As things stand in the sector today, our crude oil is explored and drilled by private prospecting companies. Going down the chain, other private companies negotiate long-term contracts to buy the produced crude and all of these objectively speaking can take place without the NNPC and the Ministry of Petroleum. Indeed, when the first oil contracts were entered into in colonial Nigeria, it was in the form of the Governor-General giving a long lease to Shell D’Arcy, precursor of today’s Shell Petroleum Development Company, SPDC, to prospect for, drill and market oil on behalf of the colonial state. And it worked. From 1938 when this lease was given to 1958 when oil was finally located at Oloibiri, this was the extant state of affairs. All the government involvement that was noticeable at this time was that Shell D’Arcy sent progress reports to the relevant desk in the Colonial Department of Mines. It was that much of a simple operation. And no one batted an eyelid.

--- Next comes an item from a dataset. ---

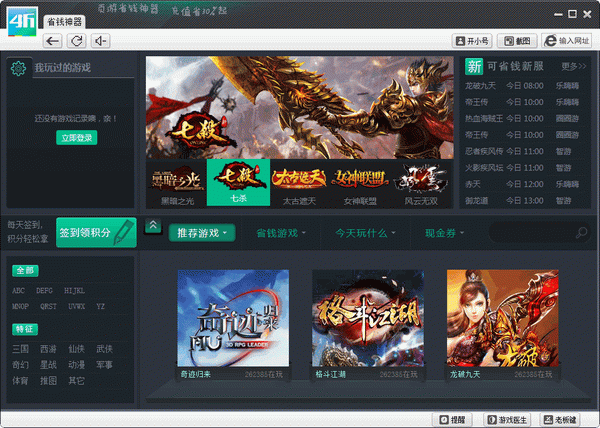 页游省钱神器是一款帮助页游玩家省钱的利器,所有通过页游省钱神器进入游戏的玩家充值最少可以返40%,如果是vip用户,充值返得达60%。

At independence, it was still this state of affairs that persisted until the civil war and its aftermath when oil began to play a heavier role in the nation’s revenue profiles. This coupled with the move for more and more centralized federal power, led to the introduction of a Ministry of Petroleum Resources and the formation of the Nigerian National Oil Corporation which was to later become the Nigerian National Petroleum Corporation.


While it has been argued that the expanding profile of oil in the national economy justified the need to introduce these additions, the reality is that their introduction may have indeed done more harm than good to the overall national petrochemical and economic infrastructure. This is because, rather than assisting in the enhancement of the national petrochemical and economic value chain, they have rather retarded same. This is because though petroleum has since come to be the biggest source of our national revenue, its shoddy management by the agencies in the dock has resulted in a most untenable situation where the nation is today saddled with deficit refineries, a despoiled environment, perennially leaking pipelines and haemorrhaging national values. It is a sad day today in oil-endowed Nigeria.


And so without adding any significant real value to our national fortunes today, the Ministry and NNPC have become most notorious as a cesspool of scandals, blockades, easy cash, slush funds and economic sabotage. They routinely withhold funds from the Federation Account, make upfront deductions from revenues accruing to the nation and dispose of national assets at their own whims. This clearly is not the way to go. And these are the underlying reasons why fuel scarcity would not go for a very long time to come. Compelling reasons indeed why we must most determinedly, slay the dragon today.